От своей вспышки Лиора раскраснелась и стала ужасно соблазнительной – пылкость в любом ее проявлении вообще очень сексуальна. Котлер посмотрел на ее грудь, как она бурно вздымается и опускается у него перед глазами, и вдруг ему захотелось наброситься на нее, как зверь, захотелось, чтобы они вцепились и терзали друг друга. Его все так же воспламеняло ее пышное тело, полные, гладкие груди, ягодицы, бедра.
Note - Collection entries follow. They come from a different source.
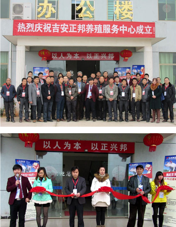 2015年3月8日,吉安正邦养殖服务中心正式成立!正邦饲料吉安分公司近百名养殖户合作伙伴应邀参加剪彩典礼,正邦饲料华东片区技术服务总监谭杨林与正邦饲料经销商代表陈万国先生共同剪彩。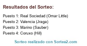 Lista de participantes: Coruxo (Hill), Marino (Sauber), Real Sociedad (Omar Little), Valencia (Jraga).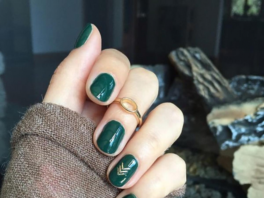 Приглушенный изумрудный цвет — это элегантное решение для тех, кто предпочитает темные оттенки, но не готов к синему маникюру. Этот глубокий и насыщенный цвет выглядит стильно и привлекательно, особенно в сочетании с золотыми украшениями.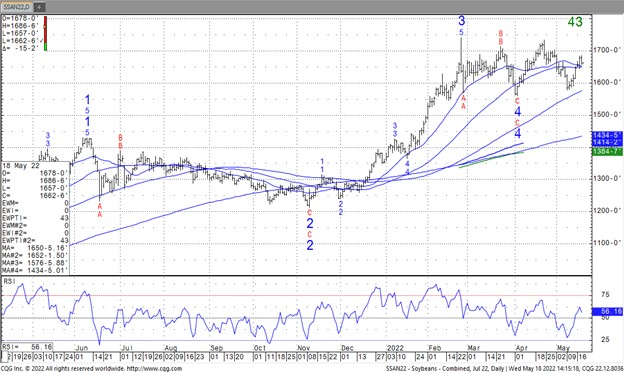 Soybeans ended lower. Some feel 17.00 SN may be too high for now and may be rationing demand. Still in August US crush and soybean demand could be near record high which could send prices back over resistance. USDA announced US old crop and new crops soybean sales to unknown. Weekly old crop soybean sales is est near 150-500 mt and new crop 50-600.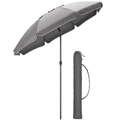 CHRISTOW Portable Beach Parasol Tilting Garden Sunshade Umbrella UV Resistant 2m (Grey)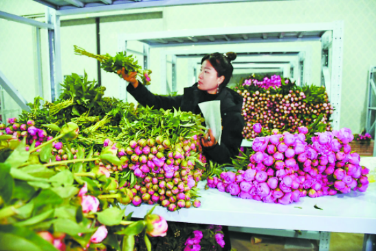 赵文双在自身事业成功的同时,也不忘帮扶乡亲共同致富。“活不累,挣得多!”在芍药冷库生产车间,花农韩爱凤手持尺子和剪刀,干净利索地剪出长短同等规格的芍药,码放整齐后,再送往预冷车间。韩爱凤掰着指头,算了一笔账:家中4亩地流转给基地,地租一年将近5000元;在这里打长工每天近100元,一个月有近3000元的收入,一年收入4万余元。
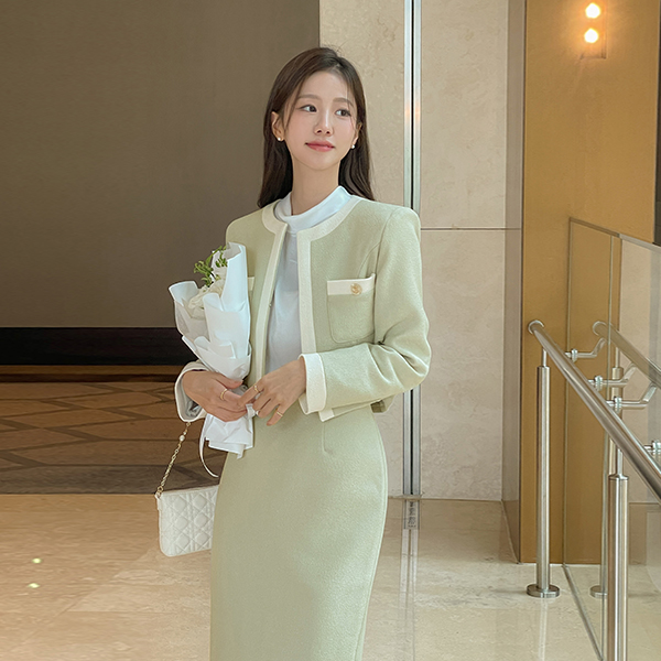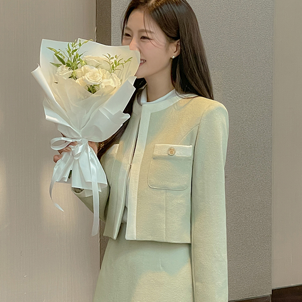 포엘 配色 线条 粗呢 Set-up 夹克

Он жадно хватал ртом ее плоть, по-хозяйски ее тискал. Ее тело звало, приглашало не сдерживать себя, воплотить любые дикие, грязные желания. Меж ними двумя не было места ни сомнениям, ни пощаде. С Лиорой он мог быть собой – образцом добродетели и одновременно мужчиной с налитыми яйцами. В те сорок лет, в которые уместились тюрьма и борьба за свое доброе имя, слава и бесконечные долги, верность и нерешительность, – он и наполовину не был собой. Он сел в двадцать пять, а на свободу вышел в тридцать восемь. В тюрьму он угодил молодым парнем, только-только женившимся, а к моменту освобождения превратился в ходячие мощи. Каким женихом он мог стать для своей невесты, которая ждала его все эти годы? Какой невестой была та, что все эти годы, ожидая его, тоже вела упорную, непрерывную борьбу? Встретились два человека, привыкшие ни с кем не делить холодную одинокую постель. И этим старым знакомым, почти уже чужим друг другу, предстояло слиться в страстных объятиях или довольствоваться нежной близостью – этого ждал от них мир, этого хотели они сами. Они старались. Упорные, преданные делу люди, они и в сердечных делах проявили упорство. Перепробовали все средства, чтобы раздуть жар прежней страсти. Но любовный огонь не просто поубавился, он почти погас от нехватки топлива, обычного топлива – жизни под одной крышей и повседневного общения. В разлуке оба делали вид, что жар не угас, что огонь всё пылает, но, воссоединившись, поняли, что это не так. И все равно попытались разжечь его заново. Ведь когда-то он полыхал вовсю. По-настоящему. Но можно раздуть жар заново, только прежнего огня в нем уже не будет. С Лиорой огонь вспыхнул снова, со всепоглощающим пылом.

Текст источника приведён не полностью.